**WORK TO COMPLETE:** Could you copy the data that follows exactly as written, but drop the pictures?
○ ○ ○ ○ ○ ○ ○
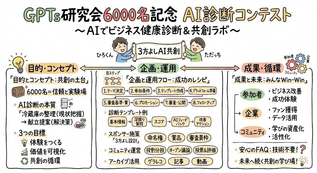 今回は、その感謝を形にするために「AI診断コンテスト」を企画しました。この企画は、単なるお祭りではありません。「AIを使ってビジネスの課題をどう解決するか?」を可視化する、まさに「ビジネスの健康診断(人間ドック)」のような実践的な場です。
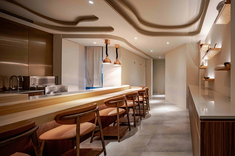 「すし謙」整體空間由設計師游雅清打造,榮獲IAA「French Design Awards法國設計獎」金獎肯定。設計靈感取自主廚鍾謦謙的烹飪哲學「謙遜與精準」,以刀的象徵與日本傳統伊勢形紙雕刻技術融入空間。純白極簡線條取代傳統木格結構,牆面與天花的半月形切片象徵料理的層次與節奏。小編坐在吧台前時,注意到空間沒有一絲多餘裝飾,能夠讓人特別專注在面前的美食,彷彿整場用餐是場安靜的儀式,只需專心聽廚刀落下與茶湯流動的聲音。
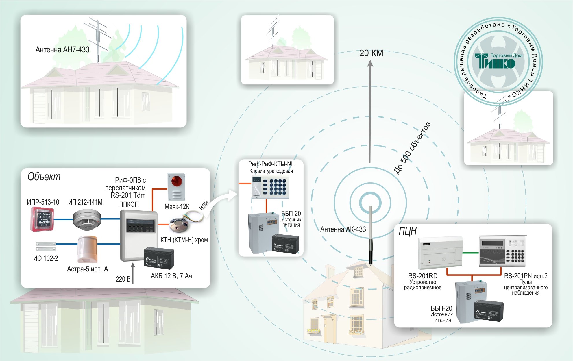 Схема построения радиоканальной системы охраны коттеджного поселка "РИФ СТРИНГ-201"
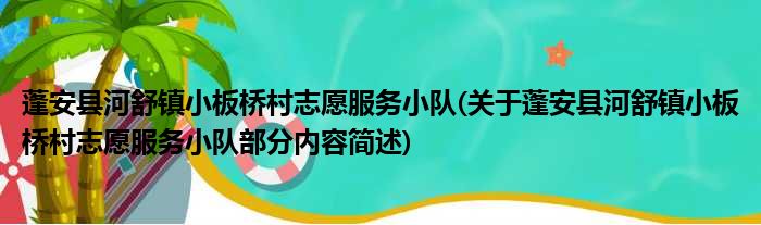蓬安县河舒镇小板桥村志愿服务小队(关于蓬安县河舒镇小板桥村志愿服务小队部分内容简述)
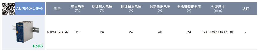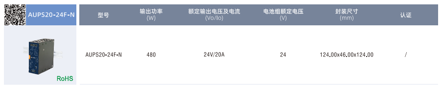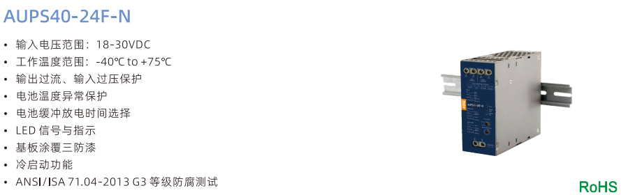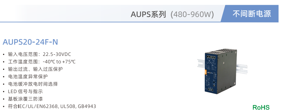 不間斷電源AUPS20-24F-N ??輸入電壓范圍:22.5-30VDC ??工作溫度范圍:-40°Cto +75°℃ ??輸出過流、輸入過壓保護 ??電池溫度異常保護 ??電池緩沖放電時間選擇 ??LED 信號與指示 ??基板涂覆三防漆 ??符合IEC/UL/EN62368,UL508,GB4943
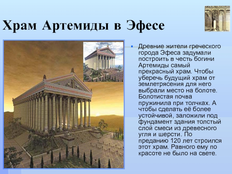 честь богини Артемиды самый прекрасный храм. Чтобы уберечь будущий храм от землетрясения для него выбрали место на болоте. Болотистая почва пружинила при толчках. А чтобы сделать её более устойчивой, заложили под фундамент здания толстый слой смеси из древесного угля и шерсти. По преданию 120 лет строился этот храм. Равного ему по красоте не было на свете.
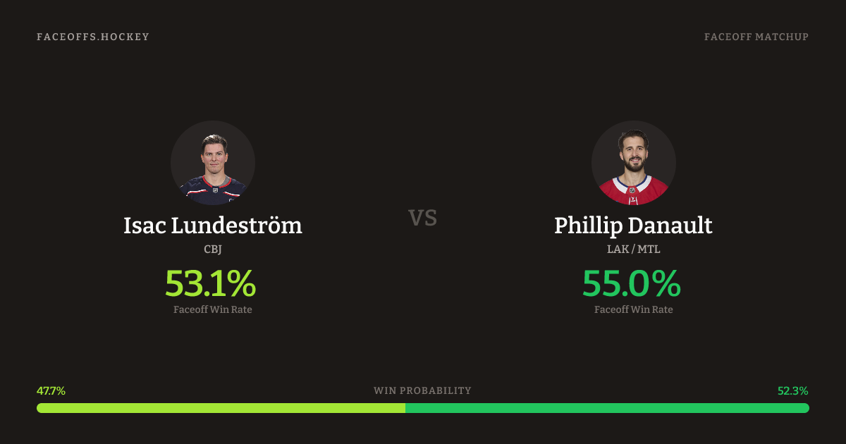 Isac Lundeström vs Phillip Danault — Faceoff Head-to-Head
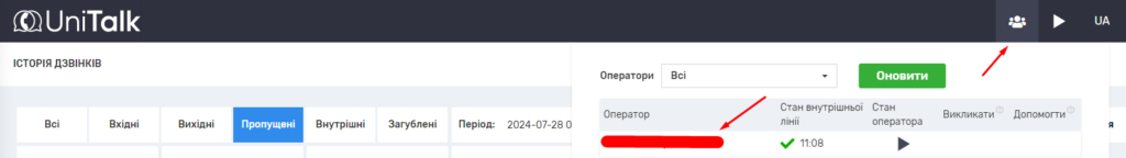 Щоб переглянути внутрішні номери, переходимо в розділ “моніторинг користувачів”.
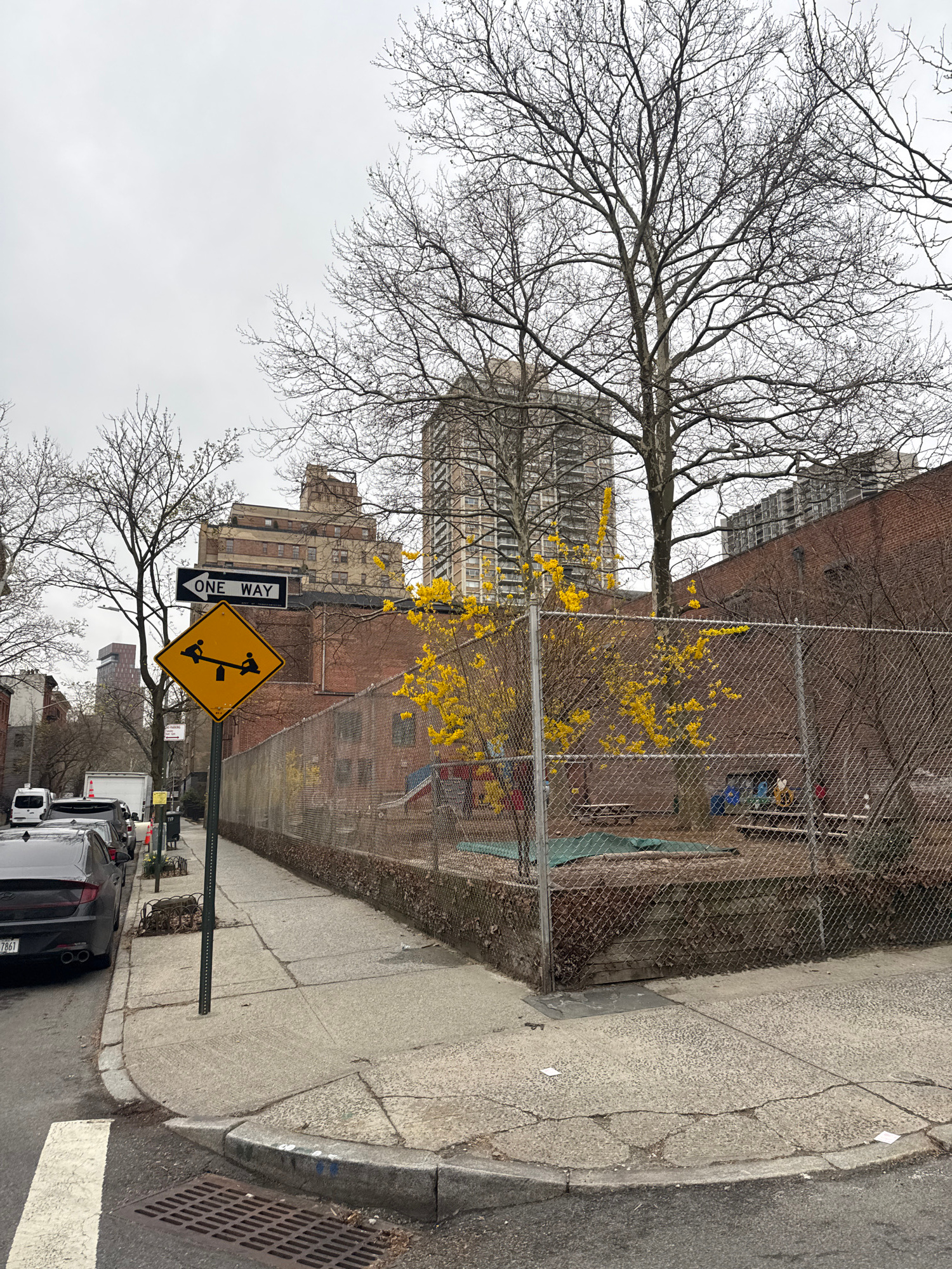 The image depicts an urban street scene in New York City. A "One Way" sign and a yellow warning sign with a seesaw symbol stand prominently on the right side of the street, adjacent to a sidewalk. The…read more
○ ○ ○ ○ ○ ○ ○
**EXERCISE OUTPUT:**
 今回は、その感謝を形にするために「AI診断コンテスト」を企画しました。この企画は、単なるお祭りではありません。「AIを使ってビジネスの課題をどう解決するか?」を可視化する、まさに「ビジネスの健康診断(人間ドック)」のような実践的な場です。
 「すし謙」整體空間由設計師游雅清打造,榮獲IAA「French Design Awards法國設計獎」金獎肯定。設計靈感取自主廚鍾謦謙的烹飪哲學「謙遜與精準」,以刀的象徵與日本傳統伊勢形紙雕刻技術融入空間。純白極簡線條取代傳統木格結構,牆面與天花的半月形切片象徵料理的層次與節奏。小編坐在吧台前時,注意到空間沒有一絲多餘裝飾,能夠讓人特別專注在面前的美食,彷彿整場用餐是場安靜的儀式,只需專心聽廚刀落下與茶湯流動的聲音。
 Схема построения радиоканальной системы охраны коттеджного поселка "РИФ СТРИНГ-201"
蓬安县河舒镇小板桥村志愿服务小队(关于蓬安县河舒镇小板桥村志愿服务小队部分内容简述)
 不間斷電源AUPS20-24F-N ??輸入電壓范圍:22.5-30VDC ??工作溫度范圍:-40°Cto +75°℃ ??輸出過流、輸入過壓保護 ??電池溫度異常保護 ??電池緩沖放電時間選擇 ??LED 信號與指示 ??基板涂覆三防漆 ??符合IEC/UL/EN62368,UL508,GB4943
 честь богини Артемиды самый прекрасный храм. Чтобы уберечь будущий храм от землетрясения для него выбрали место на болоте. Болотистая почва пружинила при толчках. А чтобы сделать её более устойчивой, заложили под фундамент здания толстый слой смеси из древесного угля и шерсти. По преданию 120 лет строился этот храм. Равного ему по красоте не было на свете.
 Isac Lundeström vs Phillip Danault — Faceoff Head-to-Head
 Щоб переглянути внутрішні номери, переходимо в розділ “моніторинг користувачів”.
 The image depicts an urban street scene in New York City. A "One Way" sign and a yellow warning sign with a seesaw symbol stand prominently on the right side of the street, adjacent to a sidewalk. The…read more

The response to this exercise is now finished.